The number of calls to Evanston’s city landlord-tenant hotline reporting eviction concerns dropped 44% in the first seven months of this year, compared to the same period last year.
But reports from the Metropolitan Tenants Organization, which runs the hotline under a contract with the city, indicate that the number of complaints about apartment maintenance issues increased 154%.
And the latest report, presented Tuesday night to the city’s Housing and Community Development Committee, showed that complaints about disturbances — presumably mostly caused by other tenants — increased by 71%.
The number of tenants seeking advice about how to get out of their lease early increased by 22%, as did the number of more general questions about lease issues.
An MTO representative told the committee that calls came from 183 people during the first seven months of this year.
Assuming each call represented a different rental household, that means someone in just over 1% of Evanston’s estimated 14,525 rental households has called the hotline during that seven-month period.
Some raised questions in multiple categories, so the total number of issues tabulated was 264. That count of issues raised grew from 230 during the same period last year.

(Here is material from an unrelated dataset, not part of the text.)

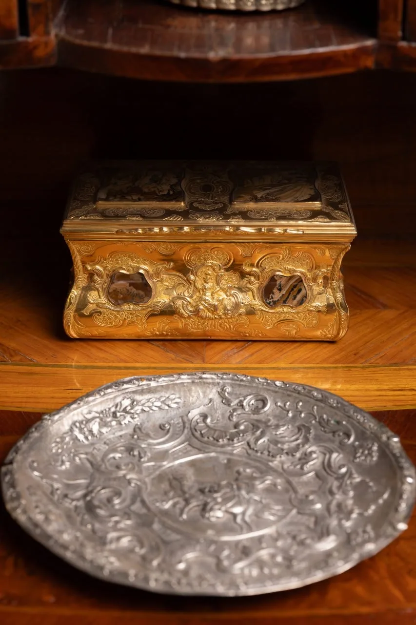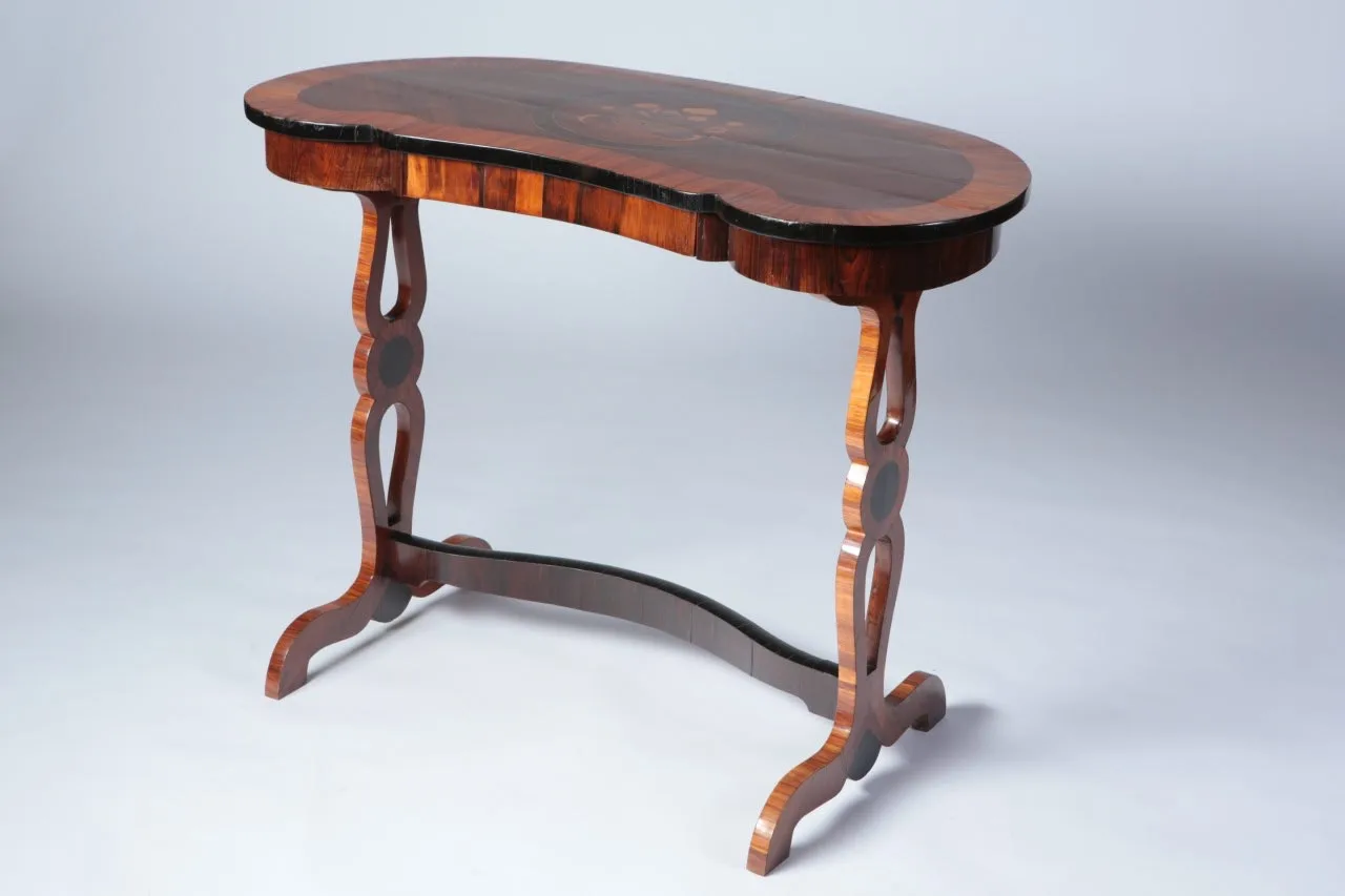 В коллекции Большого петергофского дворца можно встретить множество необычных предметов. Один из них – столик-бобик, изготовленный в конце XVIII века в России. Столешница, покрытая красным и розовым деревом, по форме напоминает боб, отсюда и название.

The MTO tracks issues it deals with in a dozen different categories, but the five mentioned above account for more than 90% of the total issues raised so far this year.
Next month the Housing and Community Development Committee is scheduled to review proposals for a major rewrite of the city’s landlord-tenant ordinance.
Proposed changes include limits on the grounds under which a landlord could evict a tenant that landlords say would amount to the city rewarding bad tenants.
A WBEZ report published last month indicated that Evanston saw 53 evictions during the 20 months ending in May 2023.